Can positive thoughts really affect the outcome? My experience with my own complications might argue against it, but maybe not. My life is changing in ways that will be long lasting even after I heal and the Earth sheds this virus. I now talk to my 90-year-old dad in San Francisco and my brother in Napa and sister in Los Angeles almost every day on the phone. I used to have a brief phone or email conversation with them once every month or two at the most.
I talk to my nephew, Adam, who came out on the positive side of brain cancer treatment when he was in high school and is now finishing his junior year online at UCLA. He wants to go into medicine, and I talk to him about naturopathic healing because he is an old soul and I know he can be a healer. There are few avenues in conventional medicine that allow a practitioner to use compassion along with science to heal.
My wife is my rock when I am unable to be independent. She resists my attempts to fall into depression and complete self-isolation. She holds me up above the surface of the ocean, so I am still breathing.
My hat (surgical cap) is off to the incredible nurses, food service workers, patient transporters and other hospital staff who have taken care of me in these difficult times with true compassion. How many are voluntarily there versus being mandated by hospital administration to work or be fired? They did not sign up for wartime jobs, putting their lives and the lives of their families at risk. They are the true unnamed heroes.
I left Martha’s Vineyard in 2014, and retired from working full-time in the burn unit in Seattle three years ago. If I wasn’t struggling myself, I hope that I would have offered my services to return voluntarily to help out in this crisis. But it is way too self-admiring to say that I definitely would have.
Just before my own surgery, I returned from two weeks in Nepal working with burn patients and burn caregivers as I have for the past three years. Each day, two or three patients would die, mostly older women whose clothes ignited while they were kneeling down facing away from open fires warming themselves during the cold village winter. It seems like it would be so easy to prevent these deaths with education, less flammable clothing, barriers around the fires, and, eventually but long time coming, electricity.

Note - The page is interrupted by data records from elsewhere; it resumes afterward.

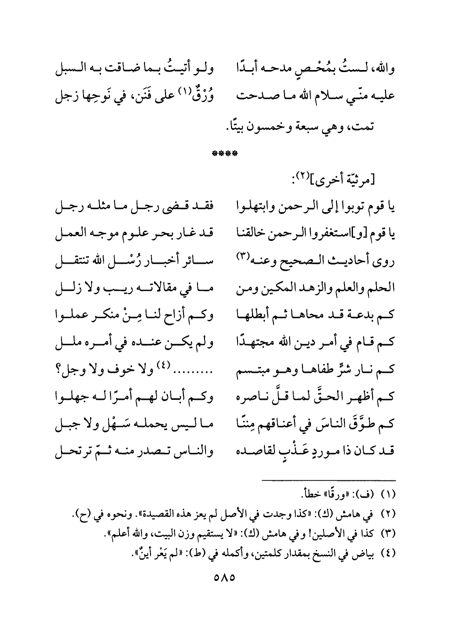 (¬٣) كذا في الأصلين! وفي هامش (ك): «لا يستقيم وزن البيت، والله أعلم».
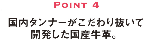 革の生産と販売を経験した立場から、海外に劣らない日本の技術の高さを感じ、私たちは敢えて「日本産」レザーであることにこだわりを持っています。長く使用して「革らしさ」を味わっていただくために、植物タンニンを主とした鞣しや、天然の表情を消さない染料染め、感触を重視したオイルやワックス仕上げなどを施しています。
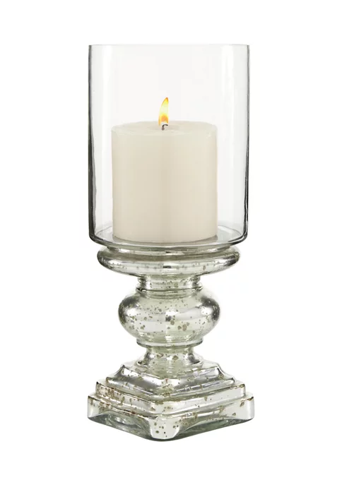 A traditional inspired designed for classic harmony full of friendly charmThis candle holder is made of a solid glass for solid structureSpeckled metallic silver candle holder baseSpeckled metallic silver candle holder base with a turned column silhouette and transparent large hurricane glass coverMeasures 6″L x 6″W x 16″H and weighs 3 lbs
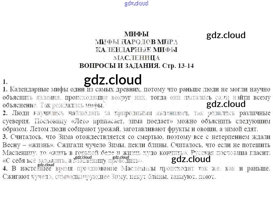 Вопросы и задания на стр. 13-14 Ответы к Части 1 по Литературе 5 класс Учебник-хрестоматия Курдюмова Вертикаль Часть 1, 2 Дрофа
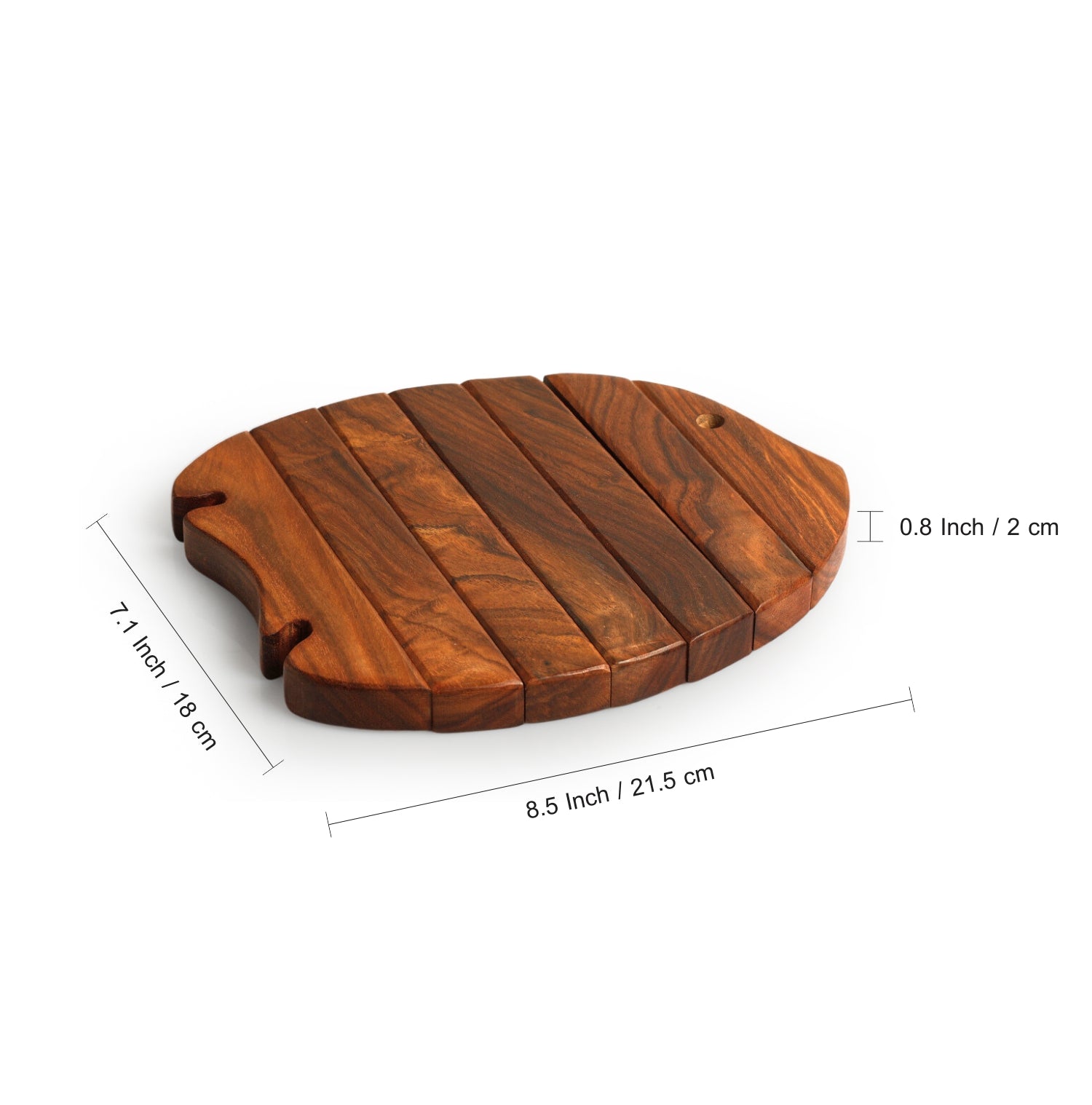 “Tideform” Handcrafted Expandable Fish Trivet in Sheesham Wood
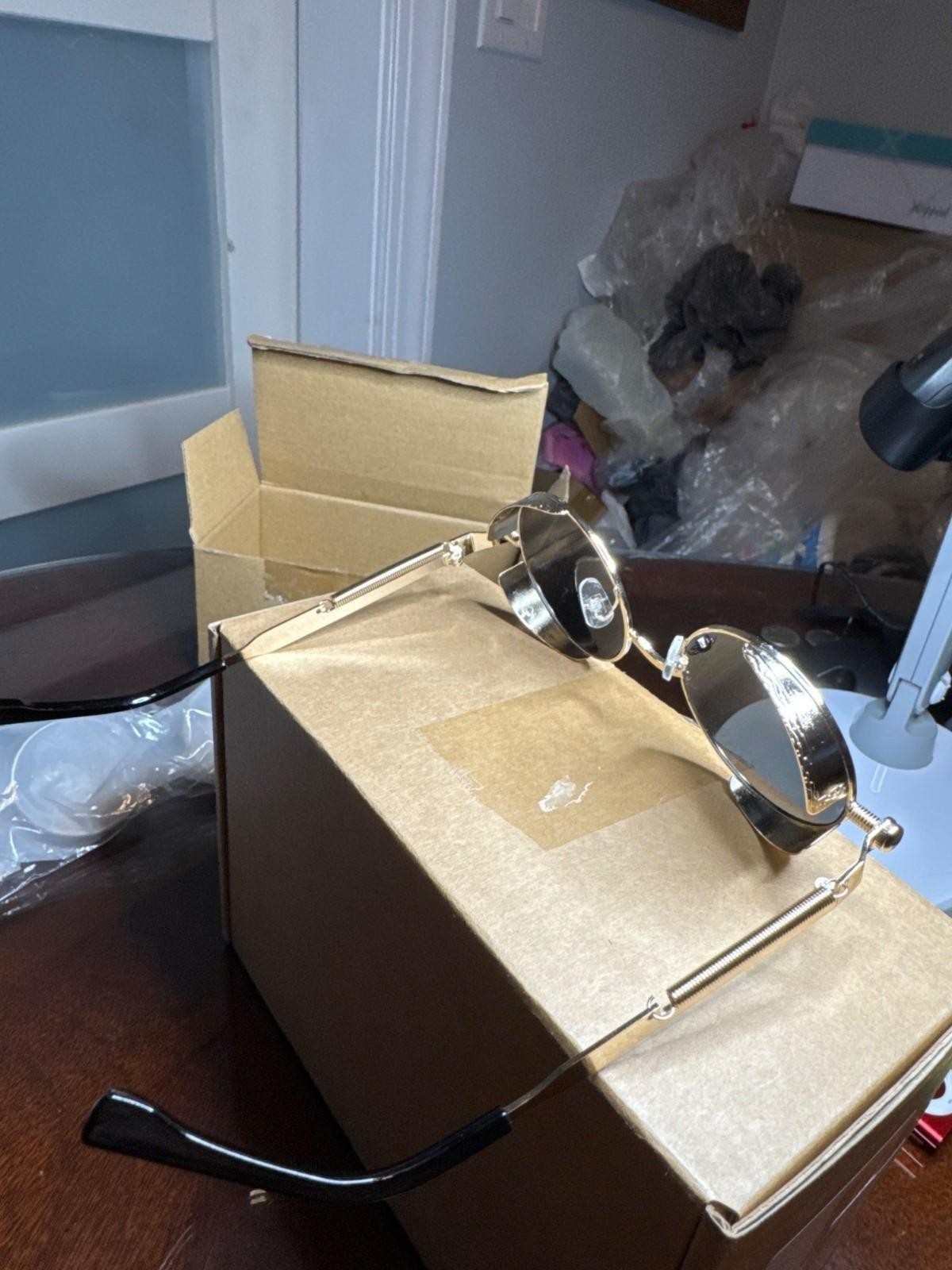 как выглядит Gold Frame Oval Steampunk Sunglasses Spring Arms/Black Temple Men/Women 46-70 фото

The coronavirus is much more of an enigma, and has no preference for economic status, religion or race. We are still identifying its virulence and mutability, the first step in finding a solution. It will and already has changed the world and how humans interact with each other. It will likely become a factor when young people decide whether to pursue a career in nursing or medicine.
When enough people in our neighborhood, our nation and our world are touched by the death of a loved one, I wonder if that might help persuade us to oppose political and economic leaders who value money over life and who pillage the earth and nature.
Putting aside for a moment the tragic deaths, let us hope that the lessons learned of fellowship and compassion, courage and hope will be among the positive outcomes of this catastrophe. Let us pray that economic capitalism and hubris will be illuminated yet again as false gods.
Dr. Gary Fudem is a retired plastic surgeon who formerly had a longtime practice on Martha’s Vineyard.